Санаубар, несмотря на принадлежность к одному с Али народу и
связывающие их кровные узы, тоже любила насмехаться над мужем и
прилюдно называла его уродом.
— И это муж? — фыркала она. — Старый осел был бы куда лучше.
В конце концов люди стали подозревать, что Али о чем-то договорился
с дядей, отцом Санаубар, а женитьба — просто часть договоренности.
Ходил слушок, что он женился на двоюродной сестре, дабы восстановить
доброе имя дяди. Хотя, что скрывать, невелика честь. Какое уж там
богатство у Али, сироты с пяти лет!
Али никогда не отвечал своим мучителям — отчасти, может быть,
потому, что ему было за ними просто не угнаться. С его-то ногой! Но
главное, что делало Али нечувствительным к оскорблениям, это сын,
которого ему родила Санаубар. Все произошло предельно просто. Ни
акушеров, ни анестезиологов, ни сложной аппаратуры, только нечистый
голый тюфяк, Али и повитуха. Причем толку от повитухи было чуть.
Всегда верный себе, Хасан был просто неспособен причинить боль
другому человеку. Даже при собственных родах. Пара схваток, короткий
всхлип — и Хасан появился на свет. С улыбкой на лице.
Как поведала соседскому слуге болтливая повитуха (а слуга затем
оповестил всех и каждого), Санаубар бросила взгляд на новорожденного на
руках у Али, увидела раздвоенную губу и горько расхохоталась:
— Вот тебе ребенок-дурачок, пусть теперь улыбается за тебя!

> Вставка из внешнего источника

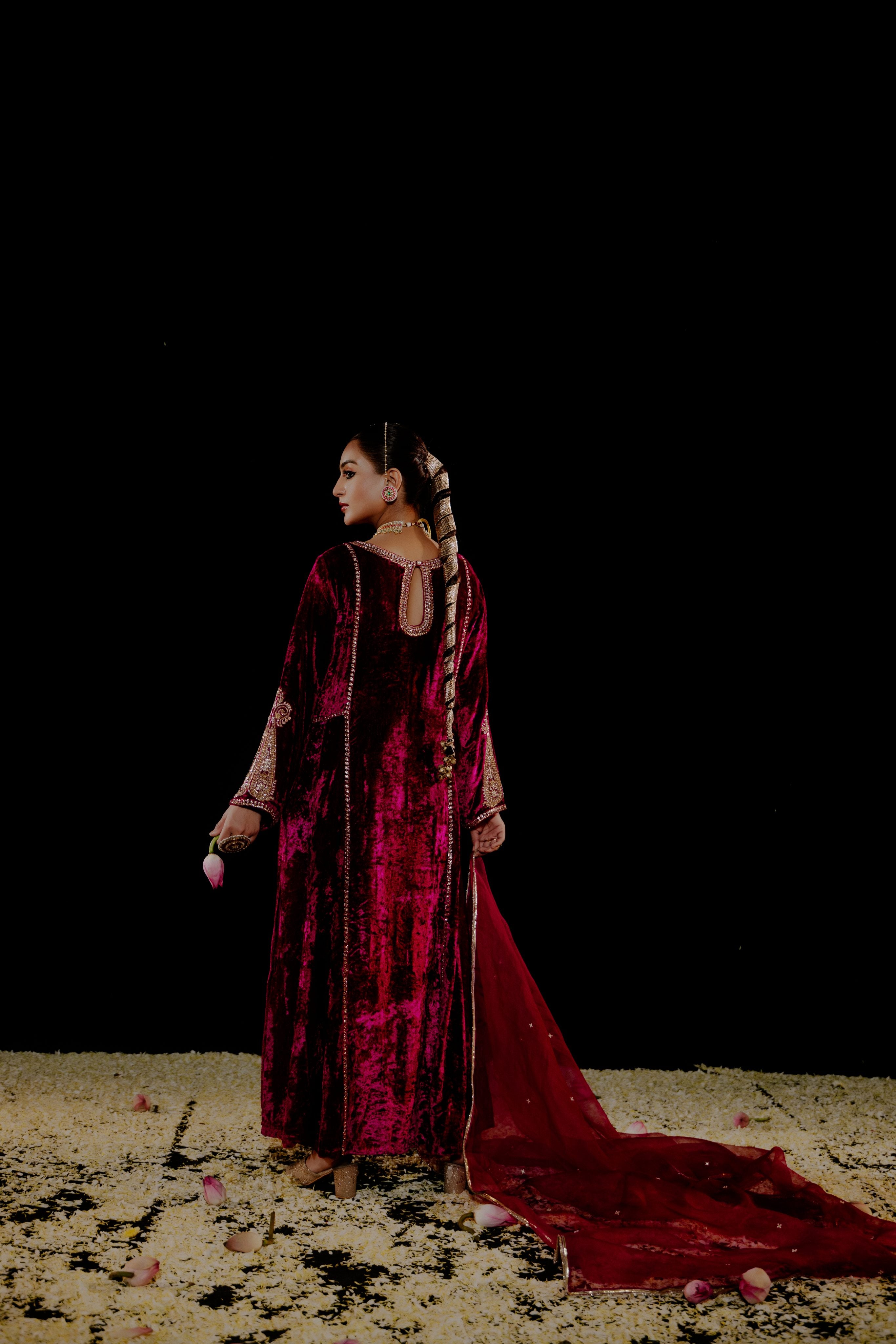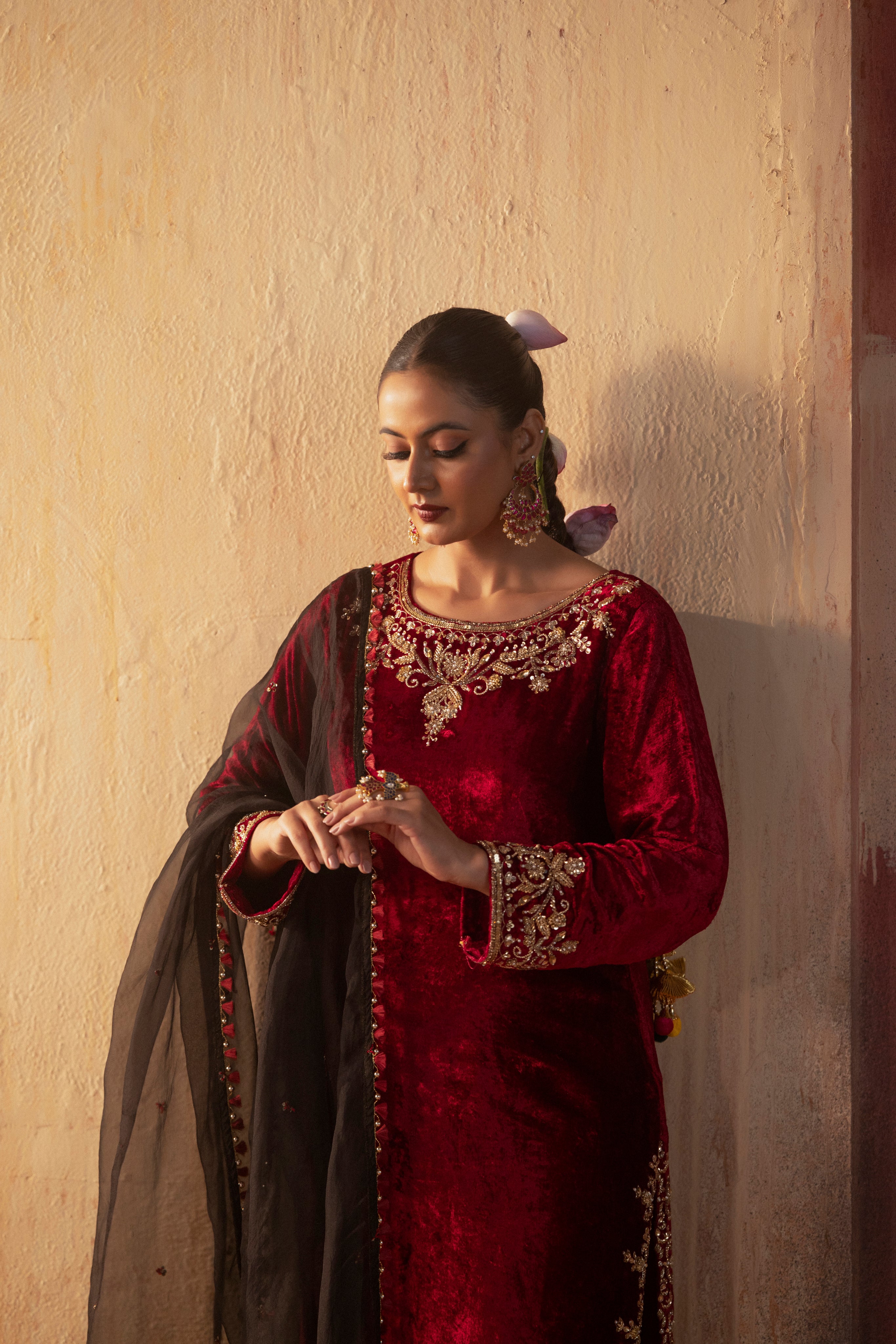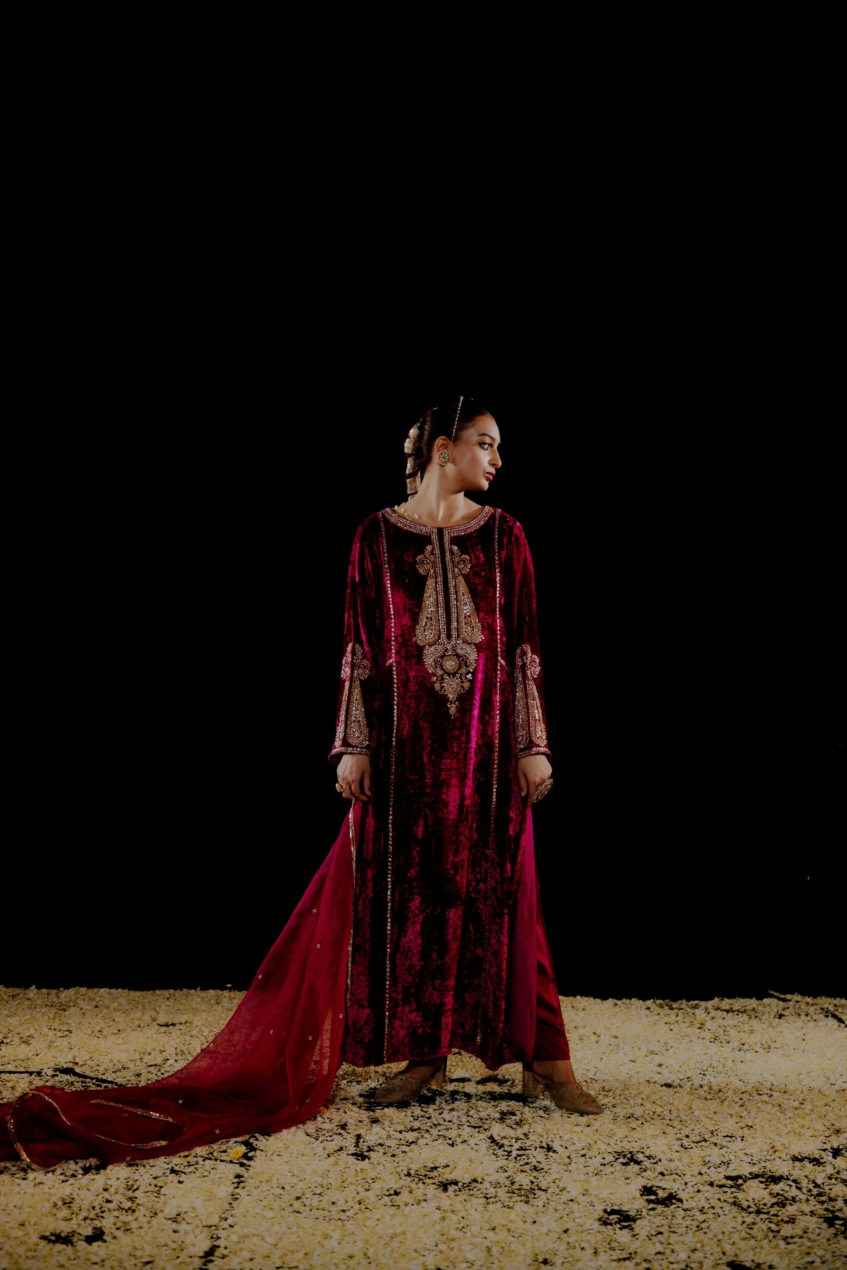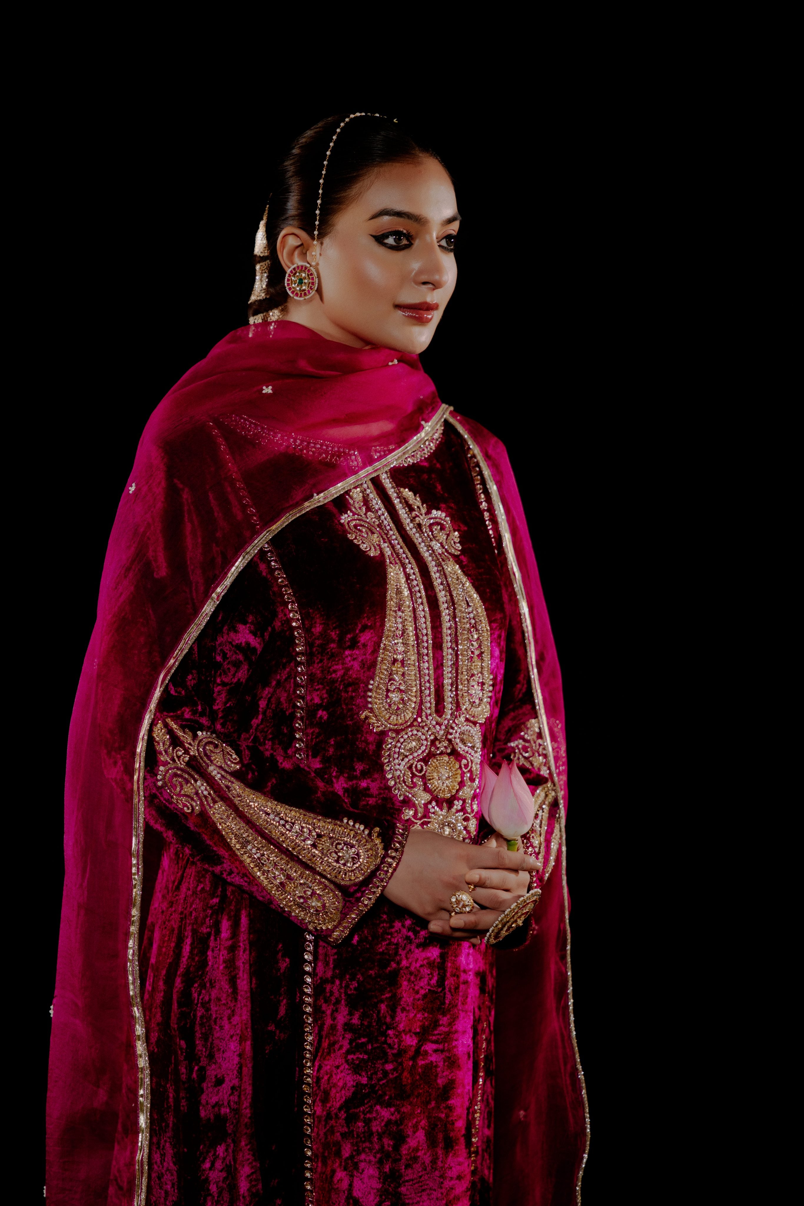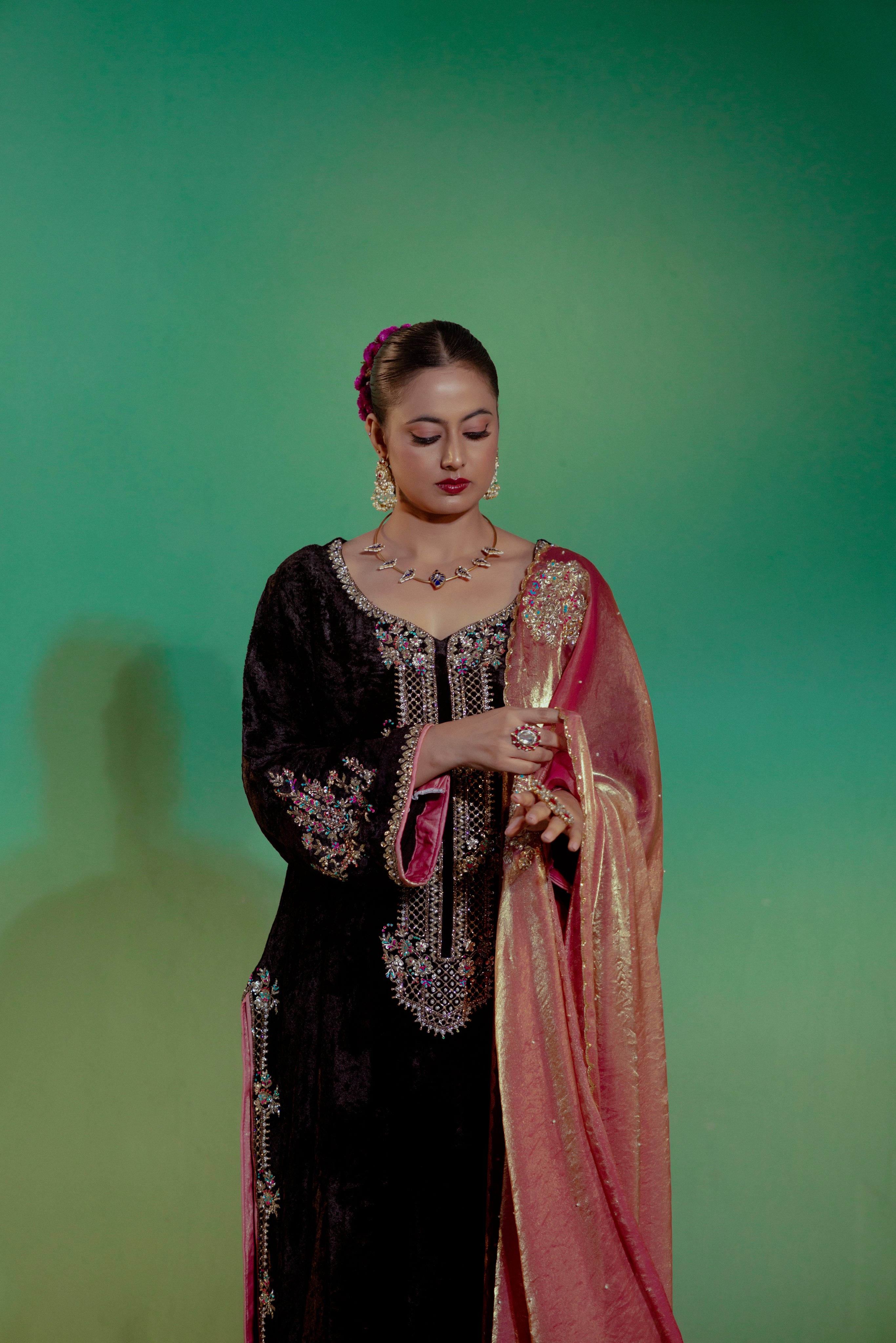 The Bottle Green Velvet Pakistani Suit Set from Gul is simply stunning. The intricate hand embroidery with zardozi, aari and cutdana work is absolutely exquisite and makes it perfect for weddings or other formal events. The velvet fabric is also very luxurious and comfortable to wear.
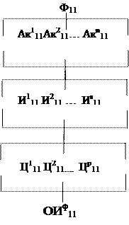 Процесс планирования в прямом направлении начинается с определения цели планирования и построения иерархии прямого процесса (рис.26). В вершине иерархии устанавливается фокус Ф11, который определяет логическое будущее (глобальную цель). Уровень 2 состоит из акторов, являющихся факторами внешней и внутренней среды. В уровень 3 включаются цели каждого актора. Уровень 4 содержит возможные сценарии, или исходы, за которые борется каждый актор, как результат реализации своих целей. Уровень 5 иерархии определяется как обобщенный сценарий (исход), который представляет своеобразный результат реализации всех этих сценариев. Этот сценарий называют также логическим исходом.
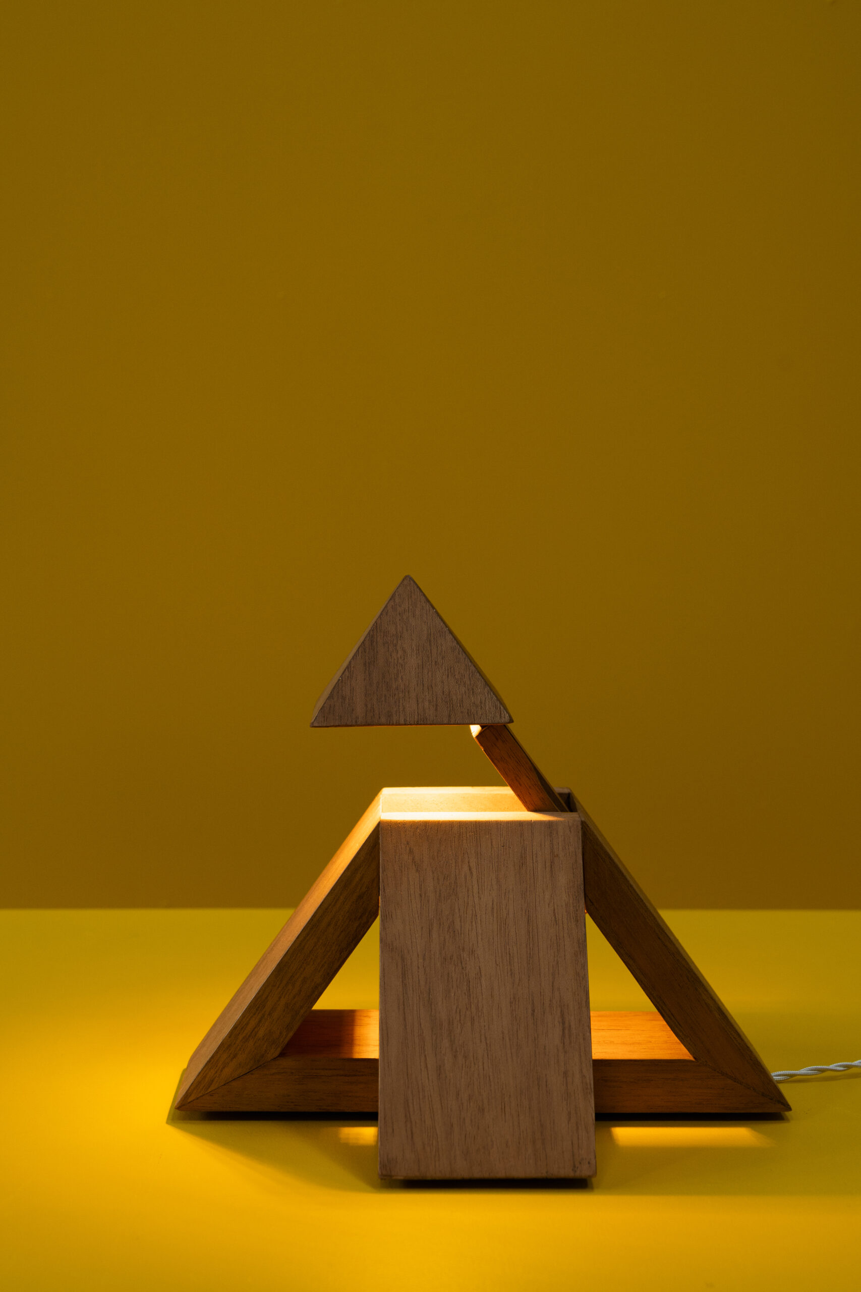 Handcrafted postmodern wooden table lamp. Sculptural geometric shapes with warm, diffused light.
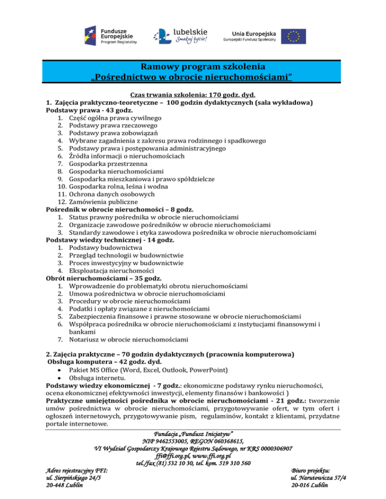 Ramowy program szkolenia „Pośrednictwo w obrocie nieruchomościami” Czas trwania szkolenia: 170 godz. dyd. 1. Zajęcia praktyczno-teoretyczne – 100 godzin dydaktycznych (sala wykładowa) Podstawy prawa - 43 godz. 1. Część ogólna prawa cywilnego 2. Podstawy prawa rzeczowego 3. Podstawy prawa zobowiązań 4. Wybrane zagadnienia z zakresu prawa rodzinnego i spadkowego 5. Podstawy prawa i postępowania administracyjnego 6. Źródła informacji o nieruchomościach 7. Gospodarka przestrzenna 8. Gospodarka nieruchomościami 9. Gospodarka mieszkaniowa i prawo spółdzielcze 10. Gospodarka rolna, leśna i wodna 11. Ochrona danych osobowych 12. Zamówienia publiczne Pośrednik w obrocie nieruchomości – 8 godz. 1. Status prawny pośrednika w obrocie nieruchomościami 2. Organizacje zawodowe pośredników w obrocie nieruchomościami 3. Standardy zawodowe i etyka zawodowa pośrednika w obrocie nieruchomościami Podstawy wiedzy technicznej - 14 godz. 1. Podstawy budownictwa 2. Przegląd technologii w budownictwie 3. Proces inwestycyjny w budownictwie 4. Eksploatacja nieruchomości Obrót nieruchomościami – 35 godz. 1. Wprowadzenie do problematyki obrotu nieruchomościami 2. Umowa pośrednictwa w obrocie nieruchomościami 3. Procedury w obrocie nieruchomościami 4. Podatki i opłaty związane z nieruchomościami 5. Zabezpieczenia finansowe i prawne stosowane w obrocie nieruchomościami 6. Współpraca pośrednika w obrocie nieruchomościami z instytucjami finansowymi i bankami 7. Notariusz w obrocie nieruchomościami 2. Zajęcia praktyczne – 70 godzin dydaktycznych (pracownia komputerowa) Obsługa komputera – 42 godz. dyd. Pakiet MS Office (Word, Excel, Outlook, PowerPoint) Obsługa internetu. Podstawy wiedzy ekonomicznej - 7 godz.: ekonomiczne podstawy rynku nieruchomości, ocena ekonomicznej efektywności inwestycji, elementy finansów i bankowości ) Praktyczne umiejętności pośrednika w obrocie nieruchomościami - 21 godz.: tworzenie umów pośrednictwa w obrocie nieruchomościami, przygotowywanie ofert, w tym ofert i ogłoszeń internetowych, przygotowywanie pism, regulaminów, kontakt z klientami, przydatne portale internetowe. Fundacja „Fundusz Inicjatyw” NIP 9462553005, REGON 060368615, VI Wydział Gospodarczy Krajowego Rejestru Sądowego, nr KRS 0000306907 [email protected], www.ffi.org.pl tel./fax (81) 532 10 30, tel. kom. 519 310 560 Adres rejestracyjny FFI: Biuro projektu: ul. Sierpińskiego 24/5 ul. Narutowicza 57/4 20-448 Lublin 20-016 Lublin
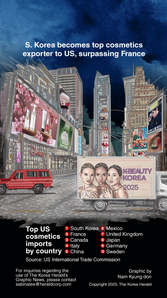 South Korea became the leading cosmetics exporter to the United States last year, overtaking France for the first time as global demand for Korean beauty products continues to grow.
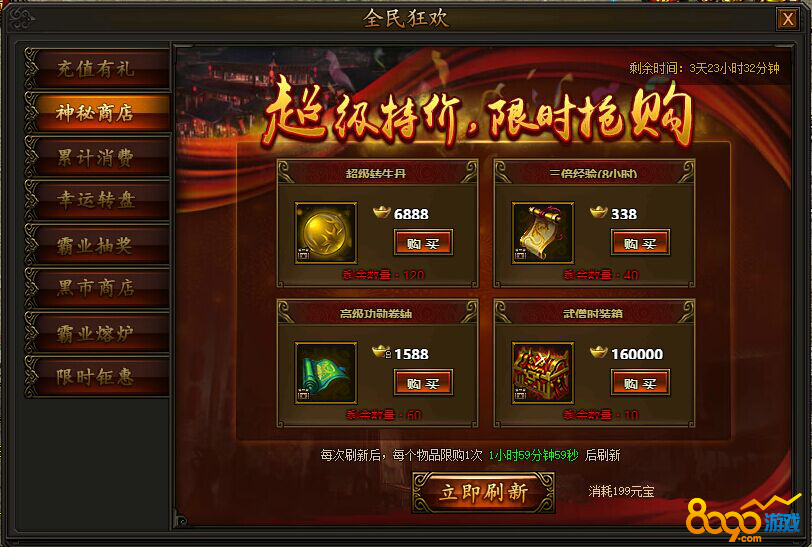 活动期间,每两小时神秘商店会自动刷新一批道具,也可花费元宝立即刷新,大量道具限时等你抢购,还有机会刷出极品时装,不容错过。
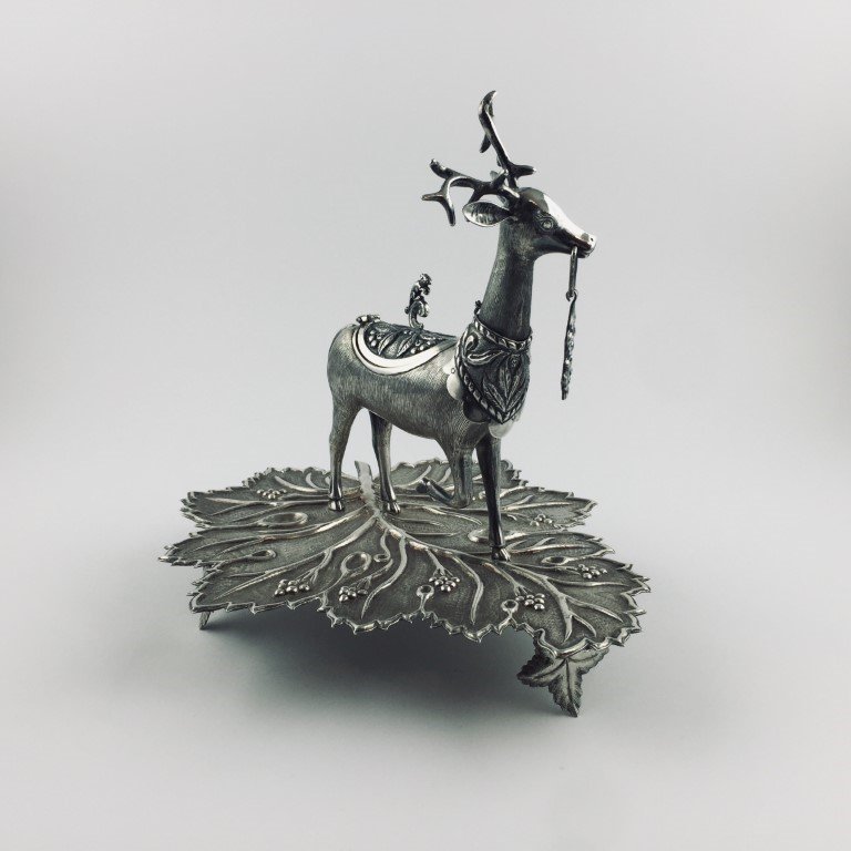 Sahumador en plata esculturada «ciervo del altiplano sobre hoja de vid». 23 x 24 x 21 cm.

Она даже отказалась взять Хасана на руки, а через несколько дней
исчезла.
Для Хасана Баба нанял ту же кормилицу, что годом раньше для меня.
По словам Али, она была голубоглазая хазареянка из Бамиана, города,
знаменитого гигантскими статуями Будды.
— Как замечательно она пела! — часто повторял Али.
— А что она пела? — спрашивали мы, хотя сами прекрасно это знали.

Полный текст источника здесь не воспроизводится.